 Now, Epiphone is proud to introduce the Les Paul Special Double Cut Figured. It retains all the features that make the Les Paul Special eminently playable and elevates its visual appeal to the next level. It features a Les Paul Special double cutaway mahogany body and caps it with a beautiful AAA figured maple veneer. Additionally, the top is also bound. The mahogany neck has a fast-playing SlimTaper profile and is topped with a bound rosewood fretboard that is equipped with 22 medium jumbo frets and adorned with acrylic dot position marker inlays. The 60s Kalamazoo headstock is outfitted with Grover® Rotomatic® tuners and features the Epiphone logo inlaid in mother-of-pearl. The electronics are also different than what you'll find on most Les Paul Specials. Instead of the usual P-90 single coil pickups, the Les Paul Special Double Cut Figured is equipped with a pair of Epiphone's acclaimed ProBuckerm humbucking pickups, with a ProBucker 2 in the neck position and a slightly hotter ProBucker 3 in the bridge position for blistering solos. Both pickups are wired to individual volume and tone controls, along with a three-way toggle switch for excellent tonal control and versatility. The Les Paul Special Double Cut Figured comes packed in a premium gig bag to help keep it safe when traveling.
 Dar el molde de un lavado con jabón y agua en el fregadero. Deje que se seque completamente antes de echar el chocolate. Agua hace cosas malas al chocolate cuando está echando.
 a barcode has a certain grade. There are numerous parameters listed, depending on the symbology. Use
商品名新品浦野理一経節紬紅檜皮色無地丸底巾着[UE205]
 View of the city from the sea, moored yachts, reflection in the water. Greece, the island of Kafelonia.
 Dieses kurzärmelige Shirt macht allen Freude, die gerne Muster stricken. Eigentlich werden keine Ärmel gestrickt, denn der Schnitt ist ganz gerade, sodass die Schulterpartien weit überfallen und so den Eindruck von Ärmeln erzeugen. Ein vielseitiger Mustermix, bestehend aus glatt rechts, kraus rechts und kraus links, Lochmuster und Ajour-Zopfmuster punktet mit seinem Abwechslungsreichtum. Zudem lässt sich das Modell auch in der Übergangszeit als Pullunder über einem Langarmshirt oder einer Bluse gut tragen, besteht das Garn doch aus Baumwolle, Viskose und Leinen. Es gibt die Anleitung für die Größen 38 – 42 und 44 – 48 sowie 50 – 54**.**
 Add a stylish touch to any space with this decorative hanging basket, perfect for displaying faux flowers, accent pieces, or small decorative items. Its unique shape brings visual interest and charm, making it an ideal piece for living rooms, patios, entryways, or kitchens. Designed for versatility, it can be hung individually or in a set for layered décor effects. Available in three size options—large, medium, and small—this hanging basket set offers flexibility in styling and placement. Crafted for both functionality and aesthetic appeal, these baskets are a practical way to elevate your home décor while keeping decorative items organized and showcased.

·····

- What is expected: Copy range, inclusive: the line holding "a barcode has" to the line holding "View of the". Reproduce exactly those lines of the records above and no others.

- Problem solution:
 a barcode has a certain grade. There are numerous parameters listed, depending on the symbology. Use
商品名新品浦野理一経節紬紅檜皮色無地丸底巾着[UE205]
 View of the city from the sea, moored yachts, reflection in the water. Greece, the island of Kafelonia.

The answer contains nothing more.